Ребекка с фермы Солнечный Ручей - Уиггин Кейт Дуглас (читаемые книги читать онлайн бесплатно TXT) 📗
Затем появился зеленый остров, поднявшийся из морских глубин, остров, столь ослепительно сверкающий и сказочно великолепный, что она едва могла поверить своим изголодавшимся по красоте глазам. И все же он был настоящим, этот остров, так как она подплывала все ближе и ближе к его берегам, и наконец ее стопы легко заскользили по сияющим пескам и она понеслась по воздуху, как носятся бесплотные духи, пока не опустилась, мягко и тихо, у подножия раскидистого дерева.

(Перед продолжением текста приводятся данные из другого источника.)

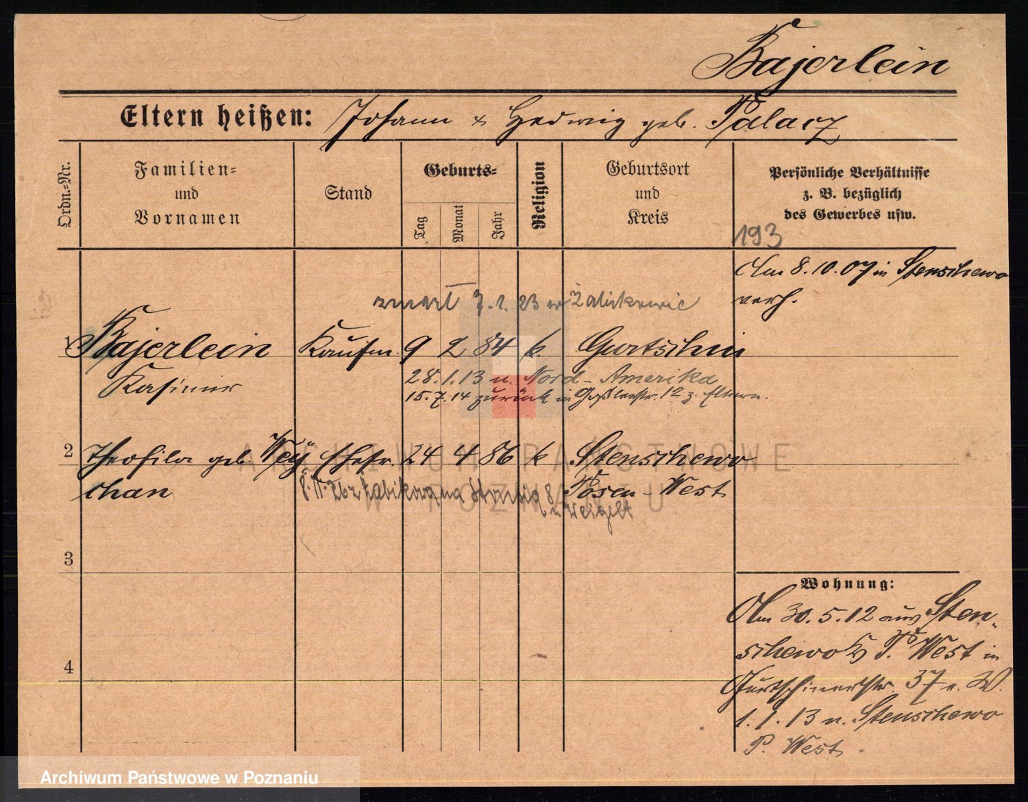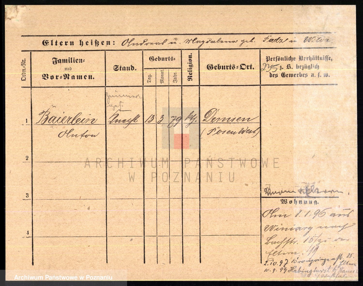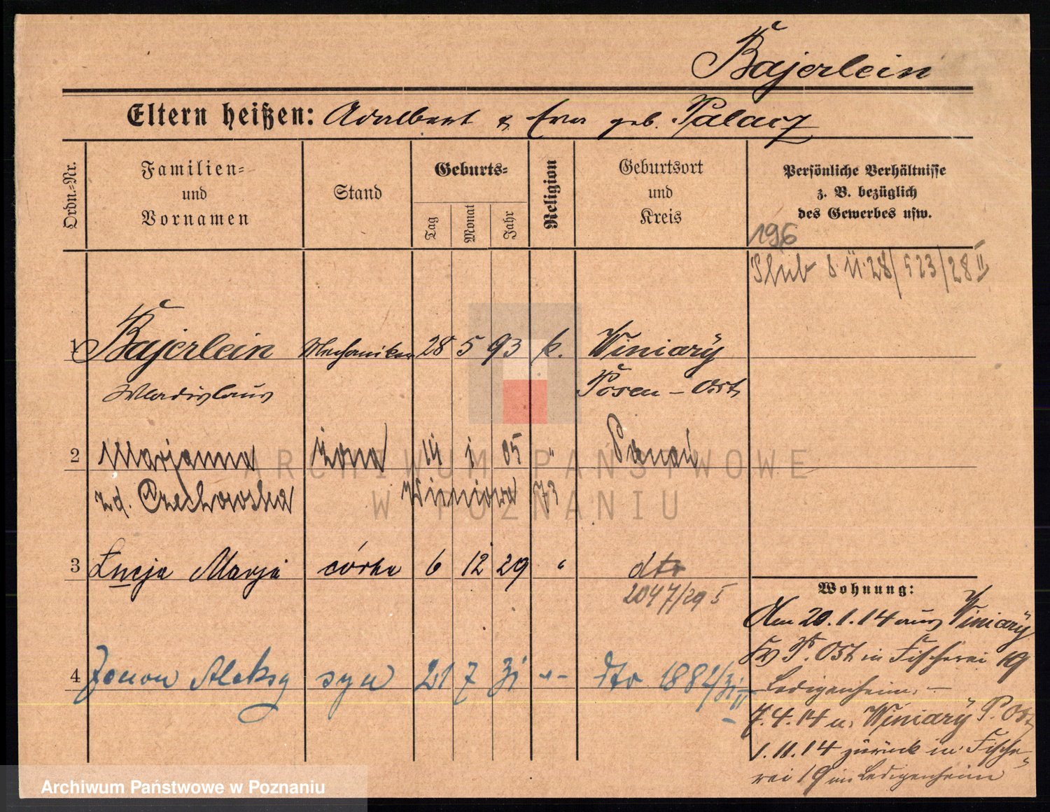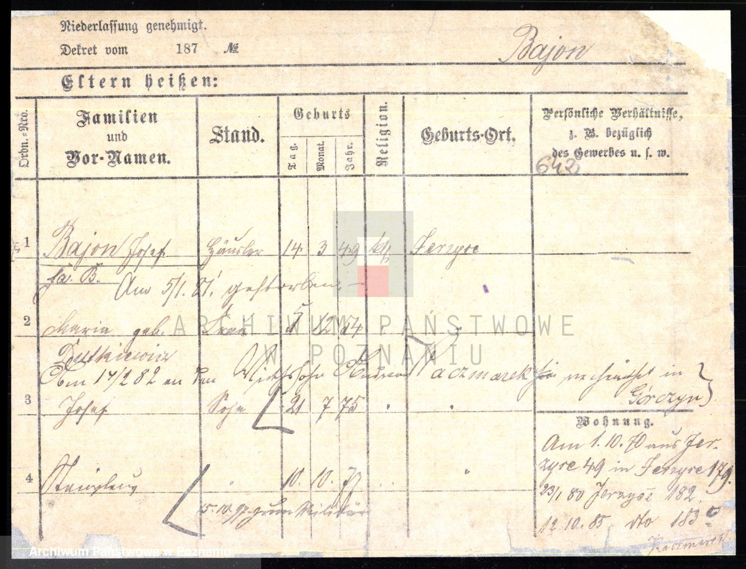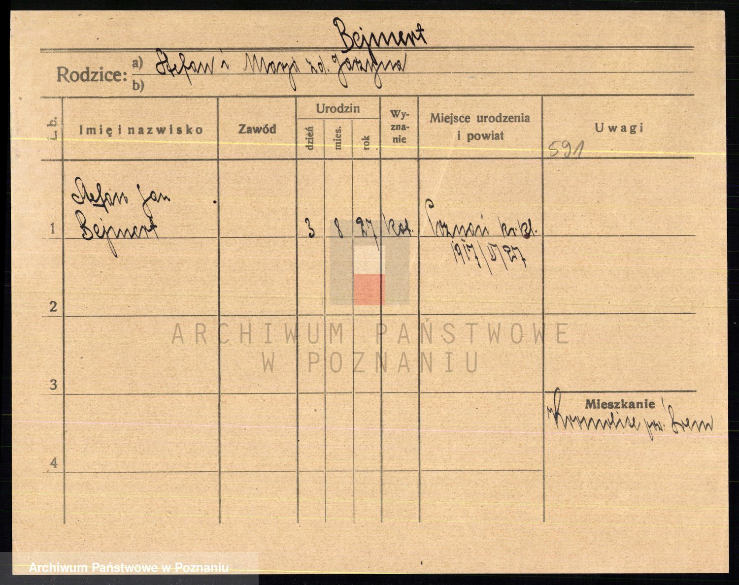 Podgląd karty osobowej dostępny jest po kliknięciu na nazwisko lub ikonkę karty. Można dokonywać powiększenia (ikony na górze) lub przechodzić między kolejnymi skanami (strzałki po bokach).

И тут она увидела, что зеленый остров весь в цвету. Цвел каждый куст и кустик, с деревьев свисали розовые гирлянды, и даже землю покрывал ковер из мелких цветов. Редкостные ароматы, птичьи песни, нежные и мелодичные, буйство красок - все это вдруг обрушилось на ее затуманенное сознание, завладев им столь безраздельно, что она уже не помнила о прошлом, не понимала настоящего, не предвкушала будущего. Она, казалось, покинула тело и то печальное, тяжелое, что было связано с телом. Жужжание в ее ушах становилось все тише, свет постепенно угасал, птичьи песни звучали слабее и словно удалялись, золотое кольцо боли отодвигалось все дальше и дальше, пока не исчезло из виду, даже цветущий остров тихо уплыл вдаль, и остались лишь покой и безмолвие.
Доктор запаздывал, и встревоженная Клара-Белла, не в силах ждать дольше, осторожно повернула дверную ручку и вошла в комнату матери. Возле дома не было деревьев, и полная ноябрьская луна смотрела в окна без штор и ставней, освещая жалкую комнатку - некрашеный пол, серую штукатурку на стенах и белое покрывало на постели.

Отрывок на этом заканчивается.